Evolusi Sistem Operasi

Seperti halnya manusia, sistem operasi (OS) yang kita miliki dan kita pakai saat ini tentunya tidak langsung muncul dalam bentuk yang sudah sebagus sekarang. Ya, OS juga mengalami sebuah evolusi. Mulai dari jaman tanpa OS, awal terciptanya OS, hingga evolusi - evolusi yang dilakukan dengan tujuan menambal kekurangan - kekurangan yang dimiliki para OS pendahulunya. Akan ada 4 masa evolusi OS yang akan saya bahas disini, yaitu :

  1. Serial Processing.
  2. Simple Batch System.
  3. Multiprogramming Batch System
  4. Time Sharing System


  1. Serial Processing (1940 - 1950)

    Pada periode ini, bisa dibilang merupakan jaman "kegelapan" bagi dunia perkomputeran. Mengapa demikian? karena pada jaman ini, belum ditemukannya/dibuat sistem operasi. Jadi bisa dibayangkan, pada jaman ini semua komputer yang ada diseluruh dunia dioperasikan tanpa sebuah sistem operasi. Mungkin yang bisa kita bayangkan hanya layar hitam dan angka - angka biner yang kita operasikan. Pada jaman ini, sebuah komputer masih berjalan dengan sebuah console yang terdiri dari lampu sebagai indikator, toogle switch, input devices (seperti card reader, dll) serta printer.

    Masalah dan kekurangan utama dari sistem ini adalah masalah penjadwalan yang prosesnya masih manual serta masalah pada set up timenya, dimana pada sistem ini, proses yang dilakukan masih serial (lurus), sehingga, apabila terdapat sebuah proses yang gagal, maka seluruh proses akan dilakukan dari awal lagi.

  2. Simple Batch System (1950 - 1960)

    Munculnya sebuah software yang bernama "Monitor" (bukan layar monitor), menandakan dimulainya jaman sistem simple batch. Monitor berfungsi untuk mengatur serta mamantau aktifitas proses yang akan atau sedang dilakukan oleh komputer secara otomatis. Dimana software ini, berhasil mengatasi salah satu masalah utama yang ada pada jaman sebelumnya (serial processing system). Proses penggunaan software monitor adalah : pertama, operator memasukkan daftar job dalam bentuk punch card, setelah itu monitor akan mengatur antrian job dan secara otomatis menjalankannya. Setelah proses selesai, program akan mengembalikan kontrol ke monitor.

    Sistem ini bukan tanpa cacat. Beberapa masalahnya antara lain :

    • Memory Protection

      Masih leluasanya akses semua user terhadap seluruh bagian memori, termasuk memori dari software Monitor sendiri. Sehingga, sering terjadi error pada sistem komputer.

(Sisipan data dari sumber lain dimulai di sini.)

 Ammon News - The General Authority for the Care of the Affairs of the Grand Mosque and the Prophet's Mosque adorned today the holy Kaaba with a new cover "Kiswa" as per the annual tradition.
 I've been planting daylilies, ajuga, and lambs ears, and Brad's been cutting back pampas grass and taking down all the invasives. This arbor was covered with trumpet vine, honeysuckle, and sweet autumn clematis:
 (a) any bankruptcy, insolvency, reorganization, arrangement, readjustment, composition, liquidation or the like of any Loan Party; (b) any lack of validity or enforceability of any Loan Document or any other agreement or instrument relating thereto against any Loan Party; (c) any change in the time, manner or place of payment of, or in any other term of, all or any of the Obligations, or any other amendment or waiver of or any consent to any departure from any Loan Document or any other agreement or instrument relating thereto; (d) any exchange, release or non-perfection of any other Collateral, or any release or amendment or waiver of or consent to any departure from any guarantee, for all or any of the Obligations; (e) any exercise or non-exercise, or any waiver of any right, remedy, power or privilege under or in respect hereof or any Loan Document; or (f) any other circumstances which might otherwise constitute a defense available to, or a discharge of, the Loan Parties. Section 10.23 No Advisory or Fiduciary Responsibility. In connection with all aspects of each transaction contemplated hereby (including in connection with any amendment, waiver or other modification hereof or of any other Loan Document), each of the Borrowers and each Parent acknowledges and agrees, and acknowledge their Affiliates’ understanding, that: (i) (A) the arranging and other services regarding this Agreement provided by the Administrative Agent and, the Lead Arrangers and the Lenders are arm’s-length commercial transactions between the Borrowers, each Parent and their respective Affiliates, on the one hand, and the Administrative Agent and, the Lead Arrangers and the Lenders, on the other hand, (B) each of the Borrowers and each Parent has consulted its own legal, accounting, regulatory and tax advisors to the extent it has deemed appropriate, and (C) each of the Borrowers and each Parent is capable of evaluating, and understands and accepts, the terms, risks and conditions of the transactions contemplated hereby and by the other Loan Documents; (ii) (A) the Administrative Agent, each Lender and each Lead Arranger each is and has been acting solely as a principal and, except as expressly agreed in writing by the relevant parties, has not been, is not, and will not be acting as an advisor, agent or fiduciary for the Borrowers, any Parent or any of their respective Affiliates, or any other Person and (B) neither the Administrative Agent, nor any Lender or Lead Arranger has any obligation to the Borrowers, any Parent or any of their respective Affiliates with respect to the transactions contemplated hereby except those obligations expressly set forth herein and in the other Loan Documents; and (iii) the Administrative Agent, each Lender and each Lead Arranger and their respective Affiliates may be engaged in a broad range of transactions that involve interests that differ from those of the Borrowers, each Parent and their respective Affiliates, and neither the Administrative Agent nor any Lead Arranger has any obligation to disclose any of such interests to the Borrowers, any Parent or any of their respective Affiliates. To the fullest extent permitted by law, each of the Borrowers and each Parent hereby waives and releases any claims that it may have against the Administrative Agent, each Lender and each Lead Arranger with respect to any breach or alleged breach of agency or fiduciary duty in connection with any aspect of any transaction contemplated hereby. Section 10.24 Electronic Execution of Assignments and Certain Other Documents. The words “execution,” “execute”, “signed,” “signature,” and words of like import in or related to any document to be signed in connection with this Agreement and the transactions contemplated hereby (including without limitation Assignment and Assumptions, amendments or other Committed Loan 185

    • Privilaged Instruction

      Software Monitor serta seluruh user masih memiliki hak istimewa untuk melakukan perintah apapun terhadap komputer.

    • Interupt

      Dapat terjadi interupsi sewaktu-waktu.

    • Time

      Karena masih menggunakan proses serial, waktu yang dibutuhkan untuk menyelesaikan proses masih sangat besar.

  3. Multiprogramming Batch System (1960 - 1970)

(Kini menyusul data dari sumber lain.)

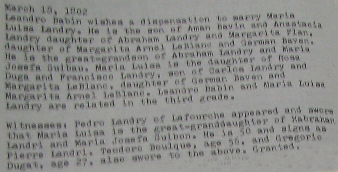 Témoins : Pedro Landry de Lafourche jure que Maria Luisa est
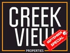 La promoción que hay actualmente para la renta en ***CREEKVIEW PROPERTIES*** es: >>>SPECIALS<<<< 50% OFF SECURITY DEPOSIT~~******OCTOBER'S SPECIAL ****50% OFF SECURITY DEPOSIT REQUIRED AT SIGNING**** (Some restrictions apply).
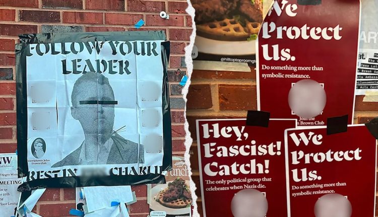 The posters were taped up Thursday night in Georgetown’s central Red Square, the school’s main free speech zone. They also carried QR codes and the seal of the “Georgetown John Brown Club,” a group tied to leftist activism and past violence.
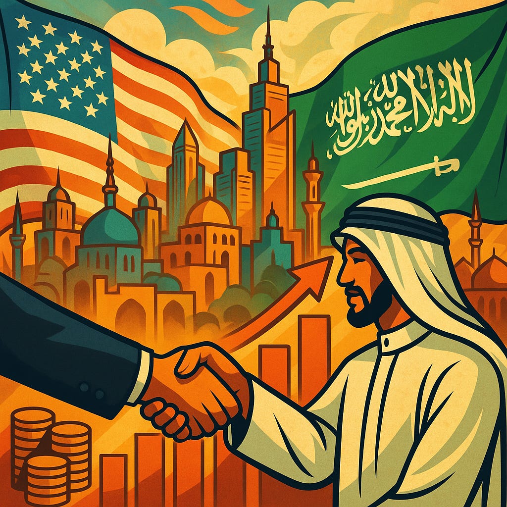 The Gulf states (Saudi Arabia, Qatar, UAE) are shifting their identity from oil-based regimes to sovereign innovation funds, AI pioneers, and global defense power players. And they’re betting big on American firms to get them there.
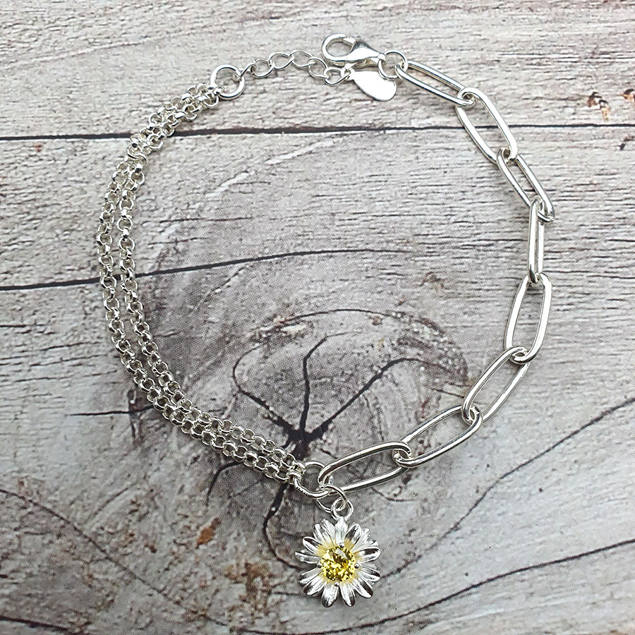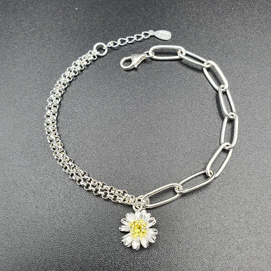 Lắc Tay Bạc 925 - Vòng Đeo Tay Nữ Cao Cấp Hoa Cúc Họa Mi - Shop Khăn Phụ Kiện - KhanPhuKien.com

    Ciri khas dari sistem ini adalah pemanfaatan prosesor yang lebih maksimal. Bagaimana maksudnya? Terkadang, sebuah prosesor akan berhenti bekerja untuk beberapa hal seperti menunggu input user, dan lainnya. Pada sistem sebelumnya, momen ini tetap berlangsung karena sistem pemrosesan yang masih serial. Nah, pada sistem multiprogramming batch, momen "diamnya" prosesor dimanfaatkan untuk melakukan proses lain yang tidak bergantung pada proses yang sedang dijalankan. Sehingga, prosesor akan terus bekerja dan konsumsi waktu untuk mengerjakan seluruh proses akan berkurang.

  4. Time Sharing System

    Pada sistem ini, digunakan pula sistem multiprogramming. Hanya saja setiap job yang dikerjakan oleh prosesor, dibatasi waktu pengerjaannya. Contohnya, apabila terdapat sebuah proses yang infinite loop, pada sistem sebelumnya, program akan terus berjalan kecuali dihentikan oleh user. Tetapi pada sistem ini, program tersebut akan diberikan alokasi waktu khusus sehingga apabila program tersebut sudah melewati batas waktunya, program tersebut akan otomatis dihentikan.

    Namun, sistem ini (yang dipakai hingga sekarang) bukan tanpa cacat pula. Beberapa kekurangnya adalah masih bebasnya sebuah job dalam pengaksesan memori, kurangnya proteksi terhadap file system maupun kurang efektifnya pembagian sumber daya.